| Given information |
+ + +
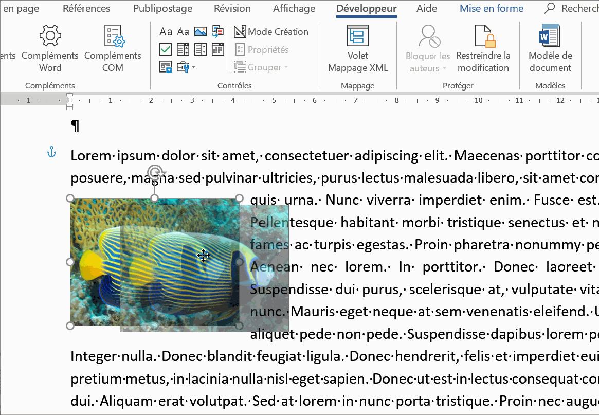 Voilà, à présent votre image est ancrée à l'endroit choisi sur votre page, elle ne pourra être ni modifiée ni déplacée. Il suffira de faire l'inverse pour procéder à des modifications (bouton Grouper => Dissocier)
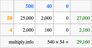 That's all there is to it! As you can see from the box above, the answer to 540 times 54 using the box method is 29,160.
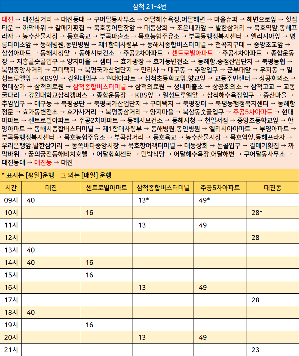 삼척 21-4번: 대진 → 대진삼거리 → 대진등대 → 구어달동사무소 → 어달해수욕장.어달해변 → 마을슈퍼 → 해변으로앞 → 횟집타운 → 까막바위 → 갈매기횟집 → 묵호동어판장앞 → 대동상회 → 조은내과앞 → 발한삼거리 → 묵호역앞.동해프라자 → 농수산물시장 → 동호육교 → 부곡파출소 → 묵호농협주유소 → 부곡동행정복지센터 → 엘리시아앞 → 평릉다이소앞 → 동해병원.동인병원 → 제1함대사령부 → 동해시종합버스터미널 → 천곡지구대 → 중앙초교앞 → 삼성아파트 → 동해시청앞 → 동해시보건소 → 주공2차아파트 → 센트로빌아파트 → 주공4차아파트 → 종합운동장 → 지흥골숫골입구 → 양지마을 → 샘터 → 효가광장 → 효가동변전소 → 동해항.송정산업단지 → 북평농협 → 북평중앙사거리 → 구미택지 → 북평국가산업단지 → 만리사 → 대구동 → 추암입구 → 군부대앞 → 우지동 → 일성트루엘앞 → KBS앞 → 강원대입구 → 현대아파트 → 삼척초등학교앞.향교앞 → 교동주민센터 → 상공회의소 → 현대상가 → 삼척의료원 → 삼척종합버스터미널 → 삼척의료원 → 성내파출소 → 상공회의소 → 삼척고교 → 교동굴다리 → 강원대학교삼척캠퍼스 → 종합운동장 → KBS앞 → 일성트루엘앞 → 삼척해수욕장입구 → 증산마을 → 추암입구 → 대구동 → 북평공단 → 북평국가산업단지 → 구미택지 → 북평장터 → 북평동행정복지센터 → 동해항정문 → 효가동변전소 → 효가사거리 → 북평중삼거리 → 양지마을 → 북삼동숫골입구 → 주공5차아파트 → 현대아파트 → 센트로빌아파트 → 주공2차아파트 → 동해시보건소 → 동해시청 → 천일서점 → 중앙초등학교앞 → 한양아파트 → 동해시종합버스터미널 → 제1함대사령부 → 동해병원.동인병원 → 엘리시아아파트 → 부영아파트 → 부곡동행정복지센터 → 묵호농협주유소 → 부곡삼거리 → 동호육교 → 농수산물시장 → 묵호역앞.동해프라자 → 우리은행앞.발한삼거리 → 동쪽바다중앙시장 → 묵호항여객터미널 → 대동상회 → 논골입구 → 갈매기횟집 → 까막바위 → 꿈의궁전동해비치호텔 → 어달항회센터 → 민박식당 → 어달해수욕장.어달해변 → 구어달동사무소 → 대진등대 → 대진동 → 대진
+ + +
| What is expected |
Copy every line above exactly, leaving no picture in the copy.

| Answer to the problem |
 Voilà, à présent votre image est ancrée à l'endroit choisi sur votre page, elle ne pourra être ni modifiée ni déplacée. Il suffira de faire l'inverse pour procéder à des modifications (bouton Grouper => Dissocier)
 That's all there is to it! As you can see from the box above, the answer to 540 times 54 using the box method is 29,160.
 삼척 21-4번: 대진 → 대진삼거리 → 대진등대 → 구어달동사무소 → 어달해수욕장.어달해변 → 마을슈퍼 → 해변으로앞 → 횟집타운 → 까막바위 → 갈매기횟집 → 묵호동어판장앞 → 대동상회 → 조은내과앞 → 발한삼거리 → 묵호역앞.동해프라자 → 농수산물시장 → 동호육교 → 부곡파출소 → 묵호농협주유소 → 부곡동행정복지센터 → 엘리시아앞 → 평릉다이소앞 → 동해병원.동인병원 → 제1함대사령부 → 동해시종합버스터미널 → 천곡지구대 → 중앙초교앞 → 삼성아파트 → 동해시청앞 → 동해시보건소 → 주공2차아파트 → 센트로빌아파트 → 주공4차아파트 → 종합운동장 → 지흥골숫골입구 → 양지마을 → 샘터 → 효가광장 → 효가동변전소 → 동해항.송정산업단지 → 북평농협 → 북평중앙사거리 → 구미택지 → 북평국가산업단지 → 만리사 → 대구동 → 추암입구 → 군부대앞 → 우지동 → 일성트루엘앞 → KBS앞 → 강원대입구 → 현대아파트 → 삼척초등학교앞.향교앞 → 교동주민센터 → 상공회의소 → 현대상가 → 삼척의료원 → 삼척종합버스터미널 → 삼척의료원 → 성내파출소 → 상공회의소 → 삼척고교 → 교동굴다리 → 강원대학교삼척캠퍼스 → 종합운동장 → KBS앞 → 일성트루엘앞 → 삼척해수욕장입구 → 증산마을 → 추암입구 → 대구동 → 북평공단 → 북평국가산업단지 → 구미택지 → 북평장터 → 북평동행정복지센터 → 동해항정문 → 효가동변전소 → 효가사거리 → 북평중삼거리 → 양지마을 → 북삼동숫골입구 → 주공5차아파트 → 현대아파트 → 센트로빌아파트 → 주공2차아파트 → 동해시보건소 → 동해시청 → 천일서점 → 중앙초등학교앞 → 한양아파트 → 동해시종합버스터미널 → 제1함대사령부 → 동해병원.동인병원 → 엘리시아아파트 → 부영아파트 → 부곡동행정복지센터 → 묵호농협주유소 → 부곡삼거리 → 동호육교 → 농수산물시장 → 묵호역앞.동해프라자 → 우리은행앞.발한삼거리 → 동쪽바다중앙시장 → 묵호항여객터미널 → 대동상회 → 논골입구 → 갈매기횟집 → 까막바위 → 꿈의궁전동해비치호텔 → 어달항회센터 → 민박식당 → 어달해수욕장.어달해변 → 구어달동사무소 → 대진등대 → 대진동 → 대진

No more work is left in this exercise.